The AFL’s campaign singled out Fidelity Investments, based in Boston, the country’s largest mutual fund, among many thousands. Fidelity predictably rejected demands for voluntary disclosure. Among many issues, the one that really ignited public anger and built political support was the decision of Stanley Works, a venerable tool manufacturer in New Britain, Connecticut, to turn itself into a Bermuda corporation to avoid $30 million in US taxes. The company needed shareholder approval and won the first vote, but the results were set aside after Connecticut Attorney General Richard Blumenthal alleged irregularities. Organized labor mobilized potent demonstrations against the company in New Britain and also against Fidelity (which itself is organized as a Bermuda corporation) at its Boston headquarters. Stanley canceled its trip to Bermuda. The second shareholder vote was abandoned.

Given the secrecy, the AFL activists could not prove definitively that Fidelity had voted with the Stanley management, but the relatively close tally indicated that Stanley could not have won without it. (The fact that Fidelity would not disclose its voting was also instructive.) When the AFL petitioned the SEC to issue its disclosure rule, the mutual fund industry tried to organize a political defense. The CEOs of Fidelity and Vanguard, the second-largest mutual fund, jointly bylined an op-ed piece in the Wall Street Journal, warning America about the dangers of full disclosure. “The threat is so severe that we, the leaders of the fund industry’s two largest competitors, come together now, for the first time ever, to speak out publicly against it,” wrote John Brennan (Vanguard) and Edward Johnson 3d (Fidelity).

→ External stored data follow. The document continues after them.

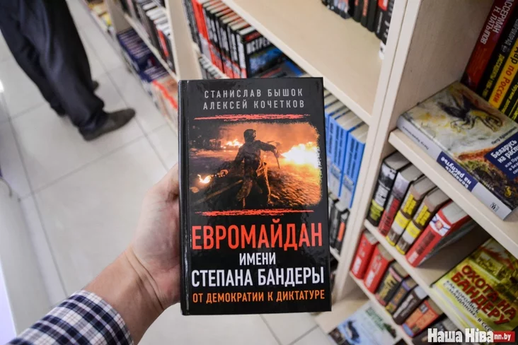 А вось у краме «Дом кнігі «Веды» насупраць будынка Адміністрацыі прэзідэнта ўдалося знайсці цэлую антыўкраінскую палічку.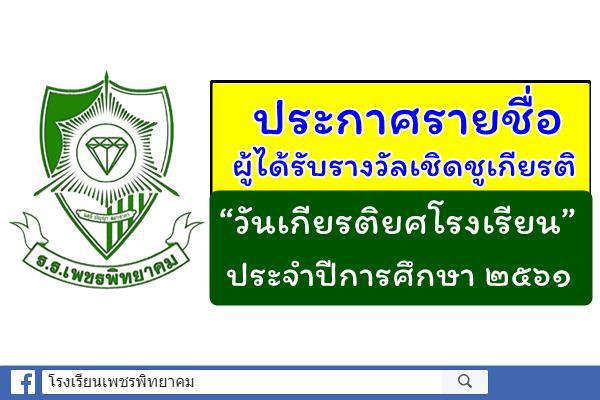 บัดนี้ การคัดเลือกบุคลากรเพื่อรับรางวัลเชิดชูเกียรติได้เสร็จสิ้นแล้ว โรงเรียนเพชรพิทยาคม จึงขอประกาศรายชื่อผู้ได้รับรางวัลเชิดชูเกียรติ “วันเกียรติยศโรงเรียน” ประจำปีการศึกษา ๒๕๖๑ จำนวน ๒๕๐ คน ดังรายชื่อแนบท้ายประกาศนี้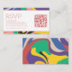 Pair din bröllopsinbjudan med den här matchande färgfulla OSA kort abstrakt, designad med djärvt konstnärligt sfäste. Med samma vibrerande strömmar av rosa, grönt, gult, lila och svart tillför det här moderna responskortet ett kreativ vid ditt bröllop-kontorsprogram. Perfekt för par att planera en roligt, contemporary eller konstinspirerad bröllop firande. OSA kort är helt och hållet anpassade med dina svarsalternativ, OSA deadline och gästinformation.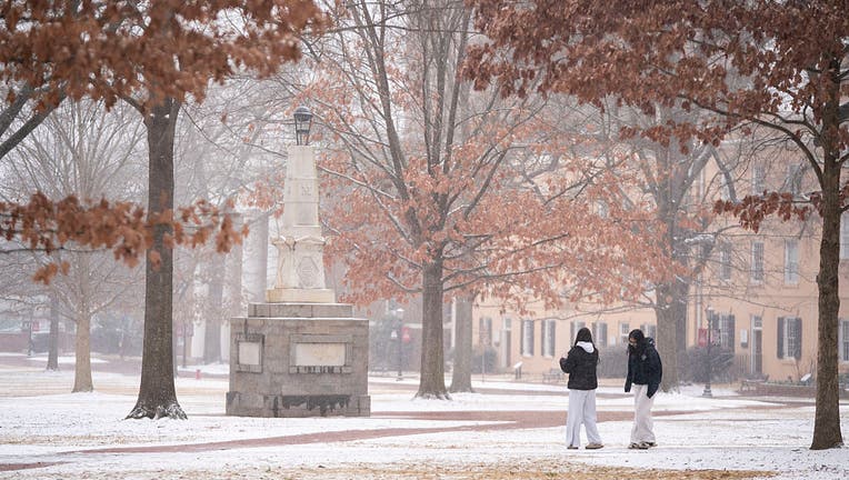 COLUMBIA, SOUTH CAROLINA - JANUARY 31: People explore the historic Horseshoe as snow falls at the University of South Carolina on January 31, 2026 in Columbia, South Carolina. Forecasts show much of the Carolinas blanketed with snow and unseasonably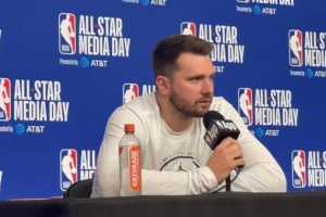 体育资讯2月15日讯 湖人球星东契奇在NBA全明星周末接受媒体采访。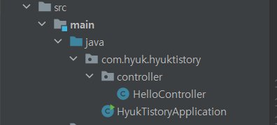 2) src > main > java > com.hyuk.hyuktistory에 controller라는 패키지 생성 후 HelloController클래스 생성
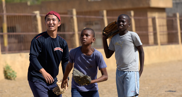 Au Sénégal, des enfants apprennent le base-ball américain avec un Japonais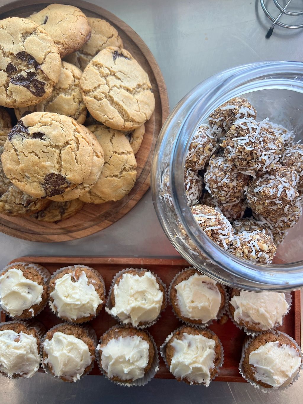 Matcha Latte, Chocolate Chip Cookie, and Ginger Cookie

But they were smartly trumped by a much more impressive voice from finance–John Bogle, the legendary founder of Vanguard and an industry pioneer, now retired. Bogle wrote a countering declaration of support for the SEC rule in the New York Times and explained that he founded Vanguard on this principle: “Mutual funds should be managed in the interest of their shareholders rather than in the interests of their managers. Now the industry I helped to create is squandering an opportunity to show the public that this ideal still matters.” Bogle also essentially confirmed labor’s complaint about the conflicted interests that disclosure will expose. “Some business difficulties may arise,” he said. “Votes against management, for example, may make it harder for fund managers to get information from a corporation or to win the right to advise its pension plan. Controversial votes may draw unwanted publicity.”

Yes, that is exactly what the AFL’s Office of Investment and other shareholder campaigns have in mind. With disclosure of how a mutual fund actually went in the tank for the CEO, its investors can be mobilized to protest or withdraw their money and park it somewhere else. The $400 billion in union-sponsored pension funds will provide the leading edge in this leverage, followed by the much larger public employee funds, with $2.6 trillion.

This fight may not be over. The Investment Company Institute, political mouthpiece for the mutual funds, vows to ask the new SEC chairman to revisit the issue, perhaps when it thinks no one is watching. But if shareholder activists can hold on to their victory, they will be fighting now on a broader and more promising battlefield. “If we’re trying to get pension funds to act in the longer-term interests of their owners, the workers, then pulling the mutual funds into the sunlight matters too,” Blackwell said. “This compels both the mutual fund industry and pension funds to be enormously powerful advocates for corporate accountability, instead of a force that supports corporate insiders to the disadvantage of the people whose money is invested.”